#### Data excerpt
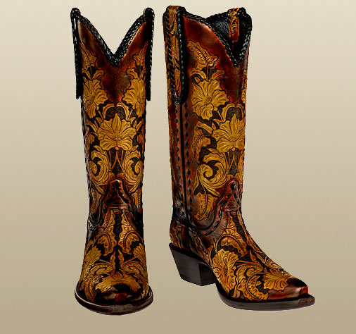 Western Flowers Full tooled calf with braided top edge and pulls. Buck stitch on vamp, counter and sides. 13” tall, regular scallop. X toe – 6L heel.
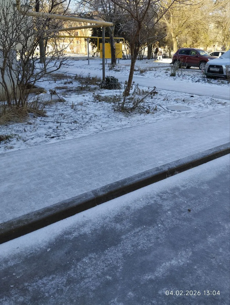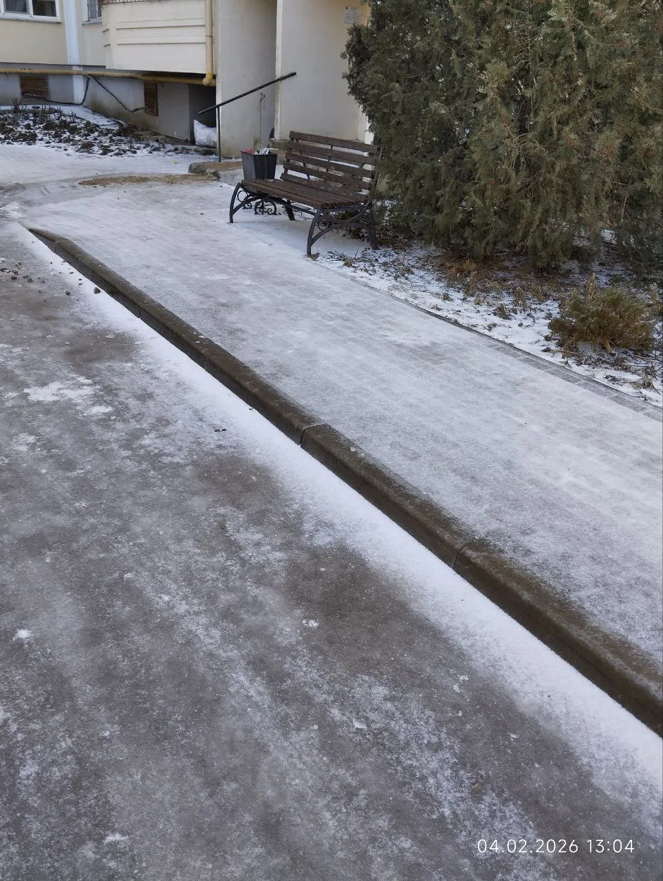 Тротуары не обработанны и на придомовых территориях на Войково УК МАСТЕР.
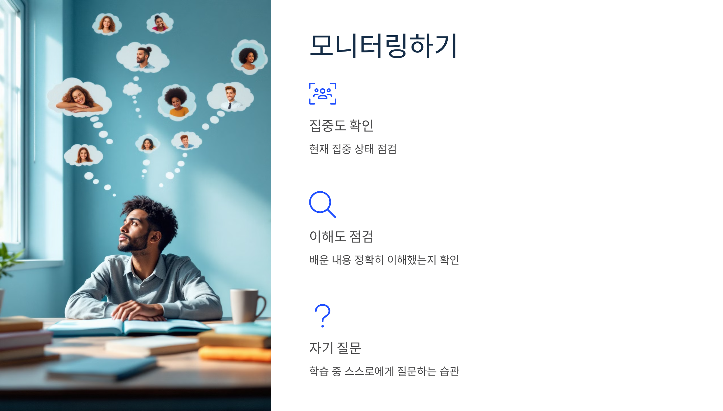 학습 중 자신의 상태를 주기적으로 점검하세요.

#### Your task
Return all material verbatim, pictures omitted.

#### Reply
 Western Flowers Full tooled calf with braided top edge and pulls. Buck stitch on vamp, counter and sides. 13” tall, regular scallop. X toe – 6L heel.
 Тротуары не обработанны и на придомовых территориях на Войково УК МАСТЕР.
 학습 중 자신의 상태를 주기적으로 점검하세요.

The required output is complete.